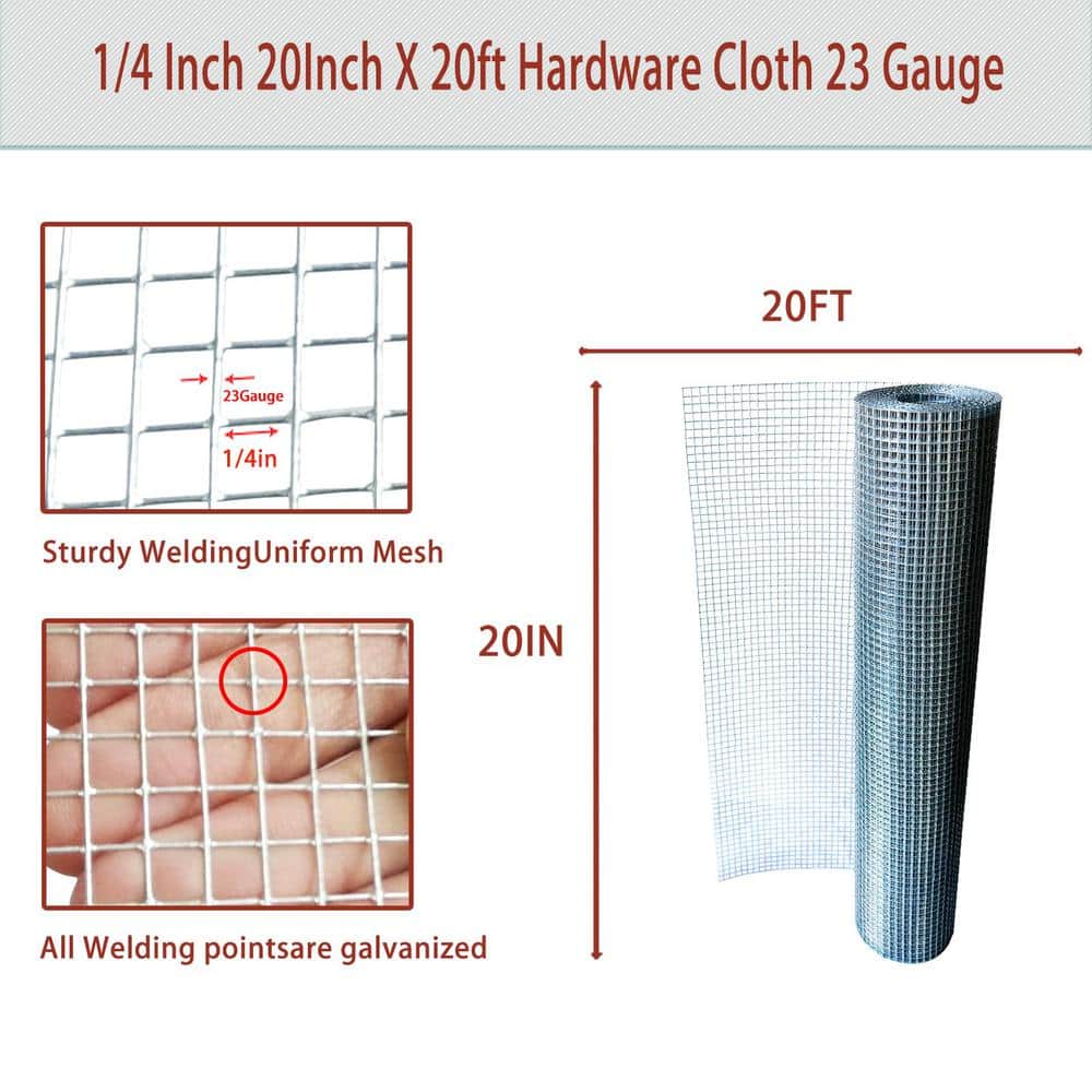 Angel Sar 1/4 in. x 1.66 ft. x 20 ft. Hardware Cloth, 23 Gauge Hot-dip Galvanized After Welding, Chicken Wire Fence Garden Fencing
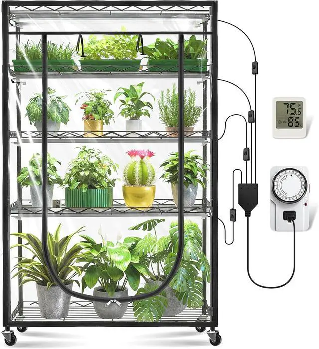Easy to Assemble- The mini greenhouse plant stand requires no tools for quick assembly and disassembly. It features lockable casters for easy mobility and secure placement wherever needed.
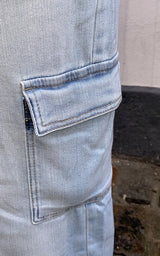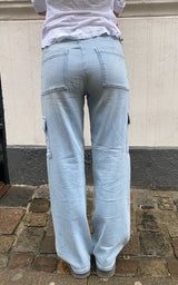 Disse bukser er cool med retro lommer på forsiden af benene. De er lavet i en lyseblå denim nuance og udstråler et tidløst retro look.
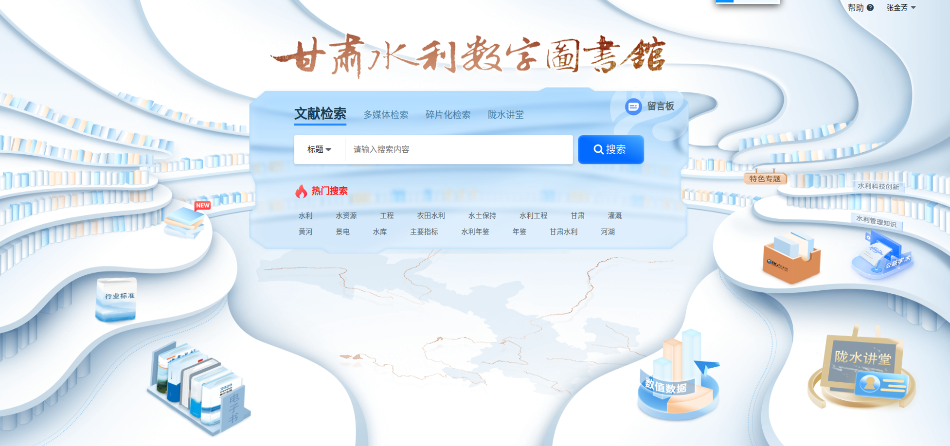 欢迎来到甘肃水利数字图书馆,这是甘肃省水利厅信息中心依托甘肃智慧水利工作平台精心开发打造,通过收集、整合、收录、编目全省水利海量文献信息资源,为全省5万水利职工提供一个全面、准确、自由获取知识的丰富平台,我们的目标是:创造一个信息量庞大、形式多样、动态馆藏、更新迅速、智能便捷、资源共享的水利专业数字图书馆。
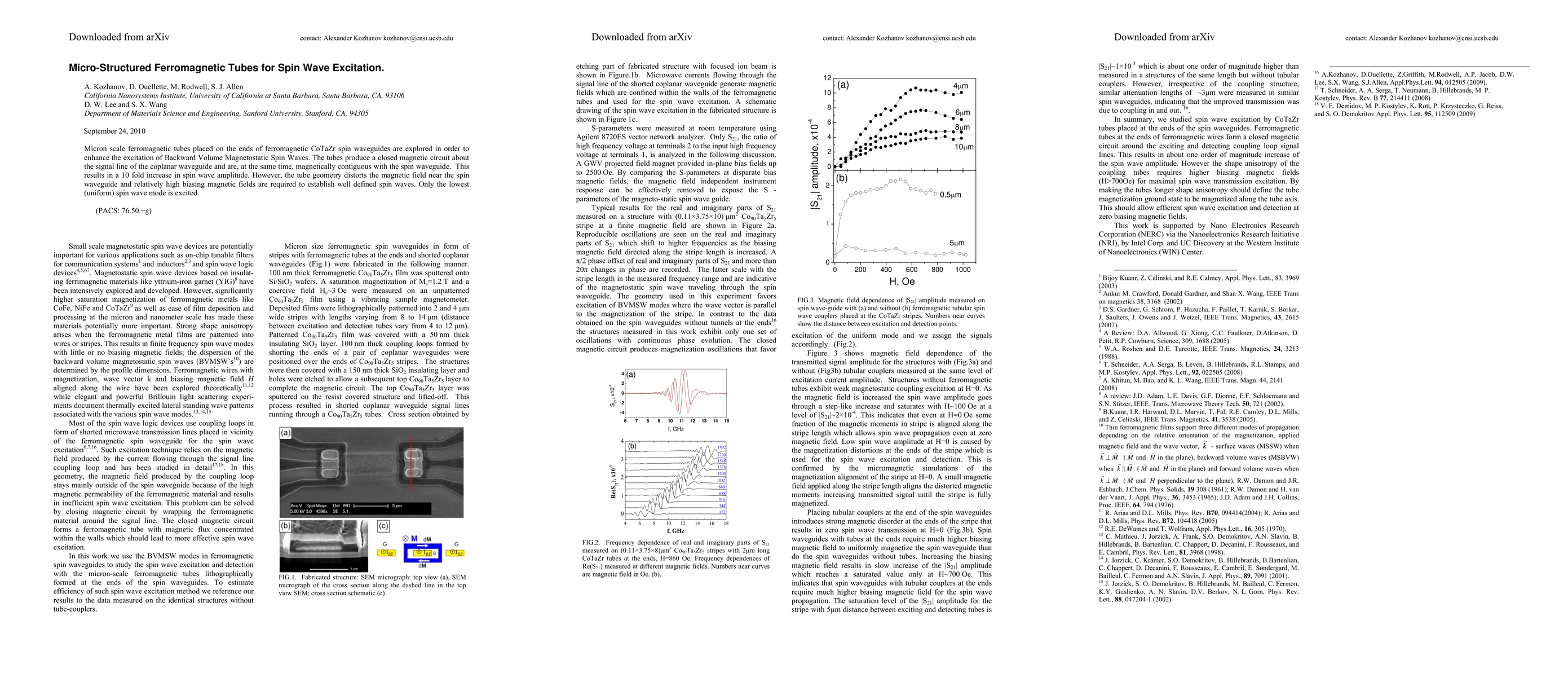 Micron scale ferromagnetic tubes placed on the ends of ferromagnetic CoTaZr spin waveguides are explored in order to enhance the excitation of Backward Volume Magnetostatic Spin Waves. The tubes produce a closed magnetic circuit about the signal line of the coplanar waveguide and are, at the same time, magnetically contiguous with the spin waveguide. This results in a 10 fold increase in spin wave amplitude. However, the tube geometry distorts the magnetic field near the spin waveguide and relatively high biasing magnetic fields are required to establish well defined spin waves. Only the lowest (uniform) spin wave mode is excited.
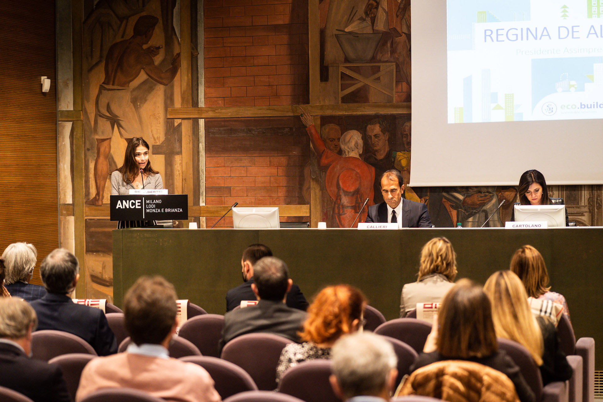 All’evento hanno partecipato, in qualità di relatori, oltre a Regina DeAlbertis, Presidente di Assimpredil Ance e Roberto Callieri, Amministratore Delegato di Italcementi, anche Giovanni Bottinelli, Direttore Tecnologie e Qualità di Italcementi, Stefano Roncan, Direttore Commerciale di Italcementi, Alfonso Di Bona, Amministratore Delegato di Calcestruzzi, Margherita Finamore, Project Manager della scuola “A. Brancati” di Pesaro, certificata Leed Platinum e candidata al Green Solution Award alla COP26 di Glasgow, Francesco Freri, General Manager di 4Bild, franchising di materiali edili e Presidente Consorzio Rec (Recupero Edilizia Circolare) e Carlotta Penati, Coordinatrice progetto “FareRete” e “Economia Circolare”, Ordine degli Ingegneri della provincia di Milano.
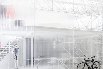 Una gran estructura de acero une los dos niveles, absorbiendo las cargas de la ventana que separa el espacio público del privado. Además sirve de apoyo para la colección del usuario de objetos pop y kitch. El edificio original era un garaje de taxis, esto aporta un espíritu industrial creando un espacio con mucha fuerza. El resultado de este maravilloso proyecto es un espacio ambivalente, moderno y atemporal que juega con un espacio blanco con toques de negro y amarillo.
= = = =
Lines from the start of the listing above through the line holding "Micron scale ferromagnetic" are to be duplicated exactly, and nothing more; leave out the pictures.

 Angel Sar 1/4 in. x 1.66 ft. x 20 ft. Hardware Cloth, 23 Gauge Hot-dip Galvanized After Welding, Chicken Wire Fence Garden Fencing
Easy to Assemble- The mini greenhouse plant stand requires no tools for quick assembly and disassembly. It features lockable casters for easy mobility and secure placement wherever needed.
 Disse bukser er cool med retro lommer på forsiden af benene. De er lavet i en lyseblå denim nuance og udstråler et tidløst retro look.
 欢迎来到甘肃水利数字图书馆,这是甘肃省水利厅信息中心依托甘肃智慧水利工作平台精心开发打造,通过收集、整合、收录、编目全省水利海量文献信息资源,为全省5万水利职工提供一个全面、准确、自由获取知识的丰富平台,我们的目标是:创造一个信息量庞大、形式多样、动态馆藏、更新迅速、智能便捷、资源共享的水利专业数字图书馆。
 Micron scale ferromagnetic tubes placed on the ends of ferromagnetic CoTaZr spin waveguides are explored in order to enhance the excitation of Backward Volume Magnetostatic Spin Waves. The tubes produce a closed magnetic circuit about the signal line of the coplanar waveguide and are, at the same time, magnetically contiguous with the spin waveguide. This results in a 10 fold increase in spin wave amplitude. However, the tube geometry distorts the magnetic field near the spin waveguide and relatively high biasing magnetic fields are required to establish well defined spin waves. Only the lowest (uniform) spin wave mode is excited.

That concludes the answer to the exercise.